Due to increased staff and student absences, Creston Community Elementary School — grades one through five — will transition to a combination of remote and on-site learning beginning Monday, Superintendent Deron Stender said in a notice to parents.
“We had a mentality: do every thing we can but don’t break,” Stender said. “We just reached the point where I could see the crack coming.”
Today will be a recovery day. No on-site learning will be held. Staff and students’ parents should use the day to “prepare for the transition to remote learning ... (gather supplies, devices, plan schedules, etc.)” the notice said.
CCES principal Julie Plant said the students will be split into two groups consisting of two of the four classes from each grade level. One group will meet in person Monday and Tuesday with remote learning the rest of the week. The second group will have remote learning Monday, Tuesday and Wednesday with in person learning Thursday and Friday.
“The students will stay with their teacher,” Stender said.
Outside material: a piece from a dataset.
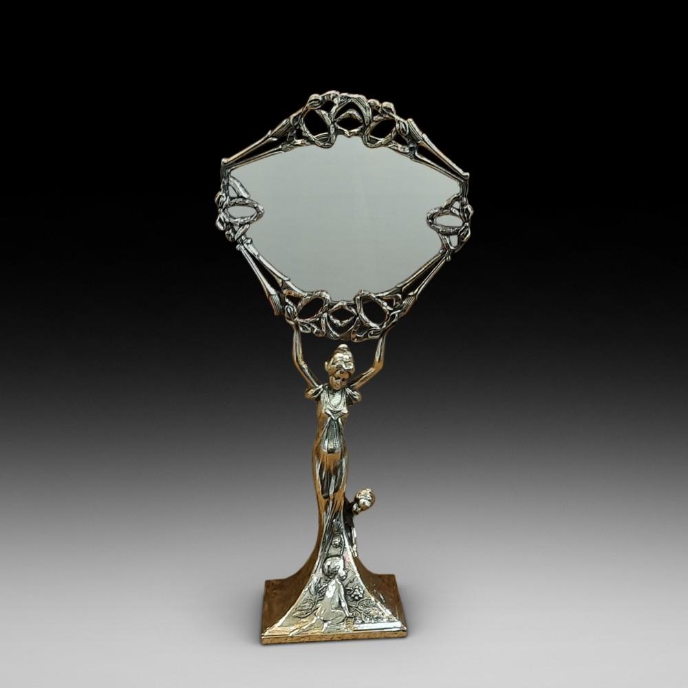 Art Nouveau Brass Figural Dressing Table Mirror (1 of 9)

Stender said six data points were used in making the decision to switch to a hybrid model. The positivity rate did not rise above the 15% needed for a waiver to full-time remote learning.
“While our positivity rates have gone up a little bit, that’s not the ... reason we why we need to go to a hybrid model,” he said. “What it comes down to we’ve got so many individuals in quarantine ... we’re just hanging on by our fingertips.”
Plant said the student positivity rate is at 2.27%. However, the number of staff absent due to quarantine and isolation has created logistical problems. Plant said two staff members are currently quarantined due to close contact with a person who has tested positive, one has tested positive, two will have prolonged absences due to COVID-19 related daycare issues, and two are currently in isolation pending test results.
Two of the affected staff members are shared between the elementary and middle schools.
Stender said the recent decision to move students to on-site learning if they were struggling with remote learning did not factor into the decision to move to a hybrid model. He had previously stated that the work load for teachers trying to teach two groups of students simultaneously — on line and on site — was unfair to teachers and not working well for students.
“This is an isolated building,” he said. “Our early childhood center, our middle school and our high school are not seeing the level of absenteeism that we are in the elementary. They’re still able to provide instruction.”